> **Work to complete**
Return the data below exactly, but only from the line containing "Após o resgate, o" through the line containing "Перейдите на страницу", with both of those lines included.

> **Data excerpts**
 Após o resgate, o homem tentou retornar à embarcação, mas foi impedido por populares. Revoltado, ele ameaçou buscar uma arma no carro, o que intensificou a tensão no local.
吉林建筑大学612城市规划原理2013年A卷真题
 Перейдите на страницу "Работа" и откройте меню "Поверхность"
--
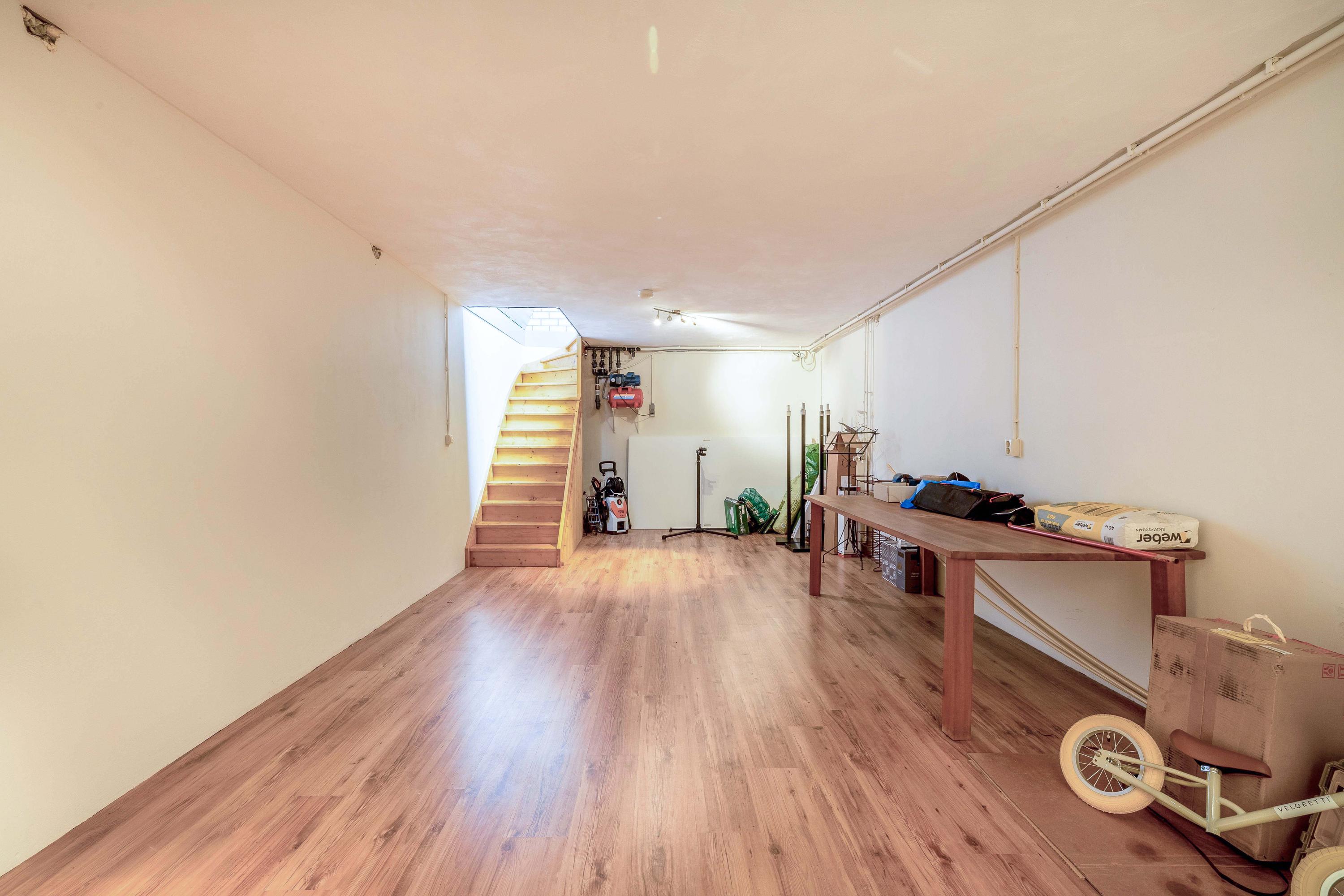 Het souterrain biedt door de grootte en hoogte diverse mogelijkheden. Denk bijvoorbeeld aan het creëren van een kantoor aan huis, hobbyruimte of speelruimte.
==
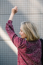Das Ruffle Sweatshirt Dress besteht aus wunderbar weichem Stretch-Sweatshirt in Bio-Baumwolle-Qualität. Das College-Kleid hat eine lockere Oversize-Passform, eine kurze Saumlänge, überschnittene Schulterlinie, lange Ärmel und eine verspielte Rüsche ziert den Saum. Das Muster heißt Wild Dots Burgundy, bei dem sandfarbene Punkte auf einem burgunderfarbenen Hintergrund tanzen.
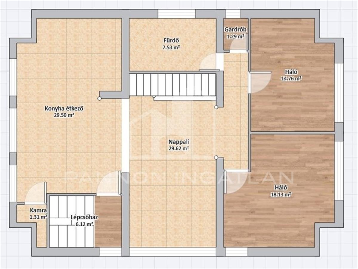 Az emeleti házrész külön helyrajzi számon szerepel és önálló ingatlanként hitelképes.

> **Expected answer**
 Após o resgate, o homem tentou retornar à embarcação, mas foi impedido por populares. Revoltado, ele ameaçou buscar uma arma no carro, o que intensificou a tensão no local.
吉林建筑大学612城市规划原理2013年A卷真题
 Перейдите на страницу "Работа" и откройте меню "Поверхность"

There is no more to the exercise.